To obtain further information on any of the Unix commands introduced in this tutorial you can use the man command. For example, to get a full description and examples of how to use the sort command use the following command in a terminal window.

In [None]:
man tail

## Manipulating files

There are several other useful commands that can be used to mananipulate and summarise information inside files and we will introduce some of these next, `cat`, `sort`, `wc` and `uniq`.

## cat

The `cat` command joins files together. 

Having looked at the beginning and end of the Styphi.gff file you should notice that in GFF files the annotation comes first, then the DNA sequence at the end. If you had two separate files containing the annotation and the DNA sequence, it is possible to concatenate or join the two together to make a single file like the Styphi.gff file you have just looked at. The command `cat` can be used to join two or more files into a single file. The order in which the files are joined is determined by the order in which they appear in the command line. 

For example, we have two separate files, Styphi.noseq.gff and Styphi.fa, that contain the annotation and DNA sequence, respectively for the Salmonella typhi CT18 genome. To join together these files use:

In [None]:
cat Styphi.noseq.gff Styphi.fa > Styphi.concatenated.gff

The files Styphi.noseq.gff and Styphi.fa will be joined together and written to a file called Styphi.concatenated.gff.

The `>` symbol in the command line directs the output of the cat program to the designated file Styphi.concatenated.gff. Use the command `ls` to check for the precence of this file.

In [None]:
ls

## wc - counting

The command `wc` counts lines, words or characters.

To count the number of files that are listed by `ls` use:

In [None]:
ls | wc -l

The `|` symbol above also known as the pipe symbol, connects the two commands into a single operation for simplicity. We say that the output from the first command is piped to and used as input to the second command.

You can connect as many commands as you want. For example:

In [None]:
ls | grep ".gff" | wc -l

What does this command do? You will learn more about the grep command later in this course.

## sort - sorting values

The `sort` lets you sort the contents of the input. When you sort the input, lines with identical content end up next to each other in the output. This is useful as the output can then be fed to the `uniq` command (see below) to count the number of unique lines in the input.

To sort the contents of the BED file use:

In [None]:
sort Pfalciparum.bed

To sort the contents of the BED file on position type the following command.

In [None]:
sort -k 2 -n Pfalciparum.bed

The `sort` command can sort by multiple columns e.g. 1st column and then 2nd column by specifying successive -k parameters in the command.

## uniq - finding unique values

The `uniq` command extracts unique lines from the input. It is usualy used in combination with sort to count unique values in the input.

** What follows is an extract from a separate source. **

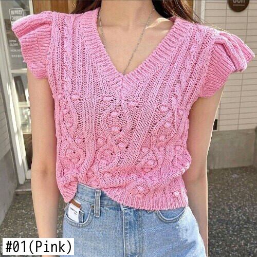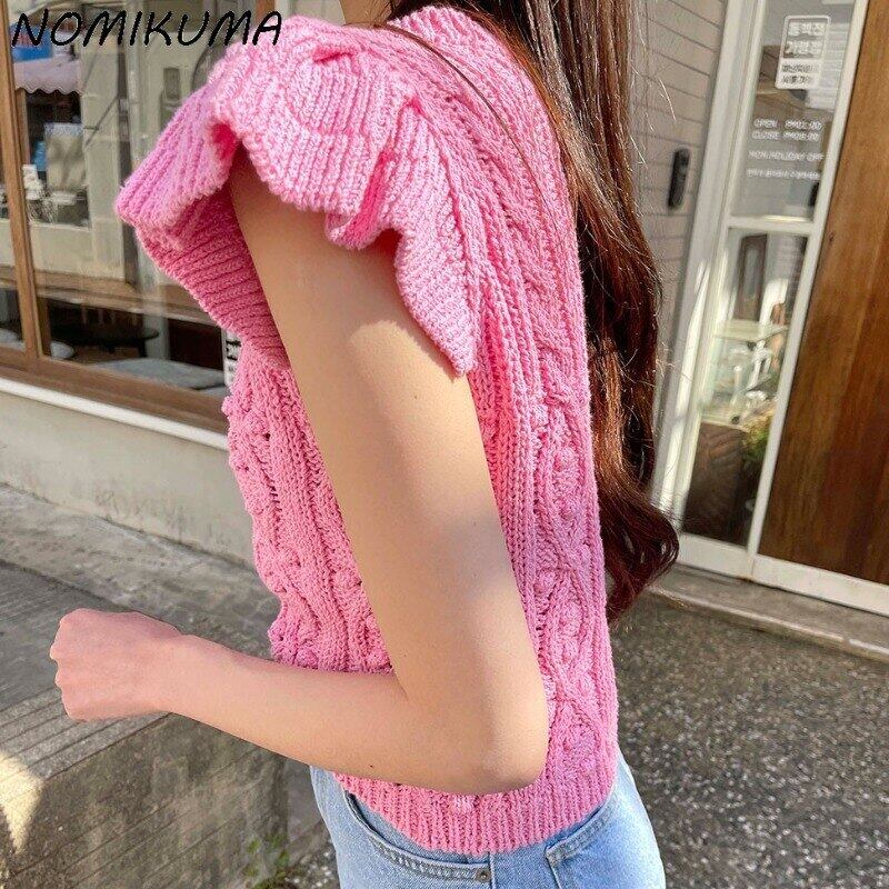 Nomikuma 女性フライングスリーブ V ネックニット夏トップスソリッドスタイルレディースニットツイストプルオーバーシックなセーター サマー 夏物 Vネック ソリッドカラー kor94949877130

To get the list of chromosomes in the Pfalciaprum bed file use:

In [None]:
awk '{ print $1 }' Pfalciparum.bed | sort | uniq

How many chromosomes are there? You will learn more about the awk command later in this tutorial.

## Exercises

Open up a new terminal window, navigate to the `Unix` directory and complete the following exercises:

1. Use the `head` command to extract the first 500 lines of the S.typhi gff file and store the output in a new file called Styphi.500.gff
2. Use the `wc` command to count the number of lines in the `Pfalciparum.bed` file.
3. Use the `sort` command to sort the file Pfalciparum.bed on chromosome and then gene position.
4. Use the `uniq` command to count the number of features per chromosome in the `Pfalciparum bed` file. Hint: use the man command to look at the options for the uniq command. Or peruse the `wc` or `grep` manuals. There’s more than one way to do it!